The idea is, as an old girlfriend of mine used to describe quantum physics, "complexly simple".
First some background on my recently acquired feeble understanding of why we care about TSR. My understanding is that any set of blades has some specific TSR at which it will perform at it's theoretical best. The TSR at which that set of blades will generate the most power it can.
A "sweet spot", so to speak, and this sweet spot is NOT the speed that set of blades would achieve if it were free-wheeling. The free-wheeling speed is the max rotational speed for a given wind speed, but not the rotational speed that gathers the largest possible amount of power from a given wind. When you apply "back torque" to the blades with an alternator, you are slowing it down from its free-wheeling speed towards its "sweet spot" on the TSR curve. Happily, your alternator is soaking up the power from that back torque, so all is good.

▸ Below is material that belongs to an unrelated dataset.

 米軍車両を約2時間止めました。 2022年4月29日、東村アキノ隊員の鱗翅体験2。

If you apply too much back torque, you move the "system" past its sweet spot and back down the other side of the TSR vs. power curve towards the ultimate slowdown of a stall condition.
To make our set of blades hit their sweet spot with one wind speed requires a particular amount of back torque from the alternator. To accomplish this same sweet spot at a different wind speed, requires a different amount of back torque. There is no single "perfect" amount of back torque, as it varies with wind speed. Normally one looks for a prevailing wind/blade/alternator/battery/load combination that produces an acceptable compromise. Too "big" of an alternator and your cut-in speed is too high or the blade stalls in a modest wind. Too "small" of an alternator and you never get as much out of your blades as they are capable of. (some of that last bit may be off, but you get the idea). You have to reach a happy compromise.

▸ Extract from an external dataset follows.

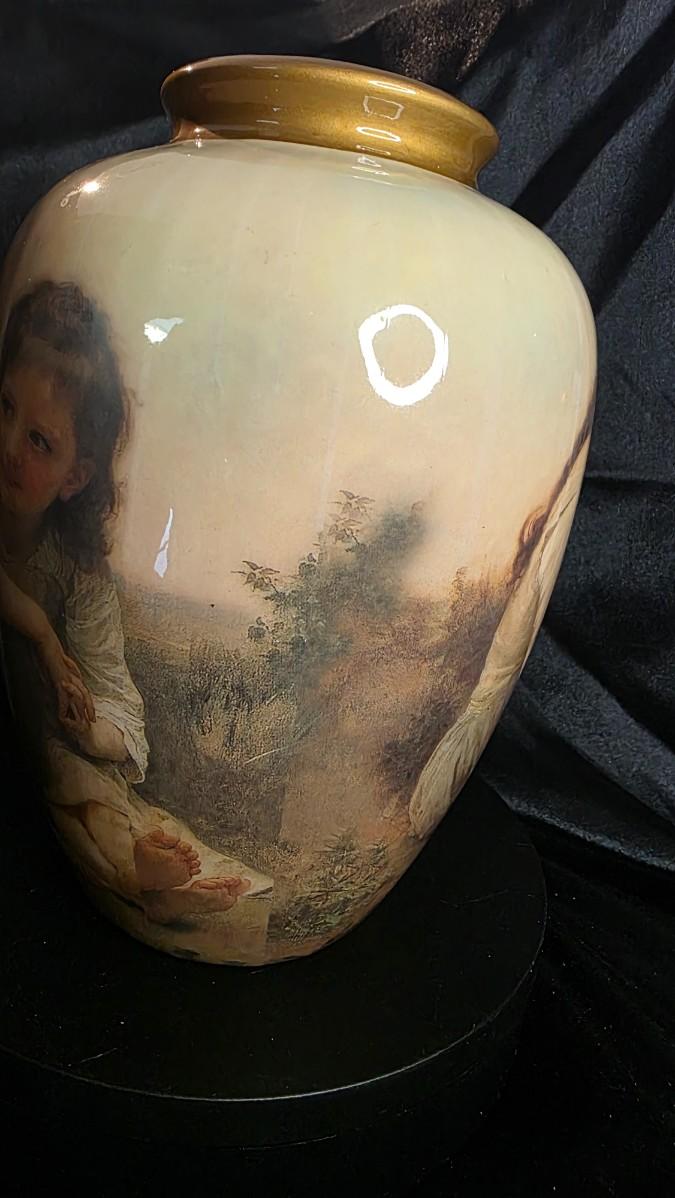 Crafted in the late 1980s to early 1990s, the vase features a detailed transfer image of two young girls — one gently playing a wooden flute while the other listens, her eyes bright with affection and wonder. Their innocence is framed against a soft countryside backdrop, rendered in warm earth tones beneath a gentle glaze that glows beneath the light.

If one were to hook an MPPT controller that is designed for solar power up to a windmill and charge batteries with it, it would solve some of the problems of mating alternator and blades, but not all of them. Such a controller will try to take whatever the alternator is putting out and maximize its power transfer into the battery by trading off current and voltage. The load presented to the mill is left to chance, and will not be optimum at all wind speeds.
If, on the other hand, one were to make a controller that knew how much load to apply for a given wind speed to get just the right amount of back-torque on the blades to make them run at their best TSR, one might achieve the other half of the solution, which is to apply a load that guarantees the best possible power efficiency of the blades for whatever wind speed is presently available.

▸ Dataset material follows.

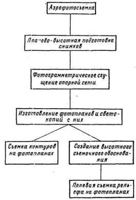 Комбинированной (контурно-комбинированной) съемкой называют сочетание аэрофотосъемки с наземной, применяется она в районах со слабовыраженным рельефом. Существенной особенностью этого метода съемки является то, что ситуация плана создается фотограмметрической обработкой аэроснимков, а рельеф - наземной съемкой на фотопланах, причем съемка, рельефа несколько упрощается, так как на фотоплане видны отдельные его формы.

It seems what is needed is a combination of these two principles into a single windmill MPPT controller which will use an anemometer input to gather current wind speed data, compute based on previously learned data what would be the ideal load at that windspeed. Such a load would result in these blades running at a speed that puts out the largest potential power at that windspeed. Our alternator could supply this max power only if we give it precisely the right amount of load. So the load on the alternator (which is supplied by our MPPT controller) needs to be adjusted to match this "best load".
So, our blades are capable of a particular amount of max power at this wind speed, and through the alternator they produce this power with a particular "best load". We then need to adjust the algorithm of the MPPT controller's DC to DC converters to shoot for delivering exactly that same power level to the battery. Make it adjust the charging voltage until that voltage times the resulting charging current equals our preferred power level, and voila! Our MPPT controller is pushing just enough power to the battery to create our "ideal load" on the alternator we have connected. This in turn provides precisely the back torque required to make our blades spin with whatever we have empirically determined is their ideal TSR.
So, in review, our special MPPT is adjusting the charging voltage/current so as to take whatever alternator we have in our system and use it to move our blades into their sweet spot on the TSR vs. power curve and keep them in that sweet spot as the wind speed varies over a wide range.
At the same time we get other benefits such as making our system less dependent on precise alternator design, getting the lowest possible cut-in speed, and not wasting power at high wind speeds by running our blades at an inefficient TSR. And finally ( a question for the experts) perhaps by decoupling some of our divergent design criteria such as cut-in speed vs. highest max power, perhaps we can develop a set of blades with a higher efficiency without sacrificing cut-in speed.
See, just like the lady said, complexly simple.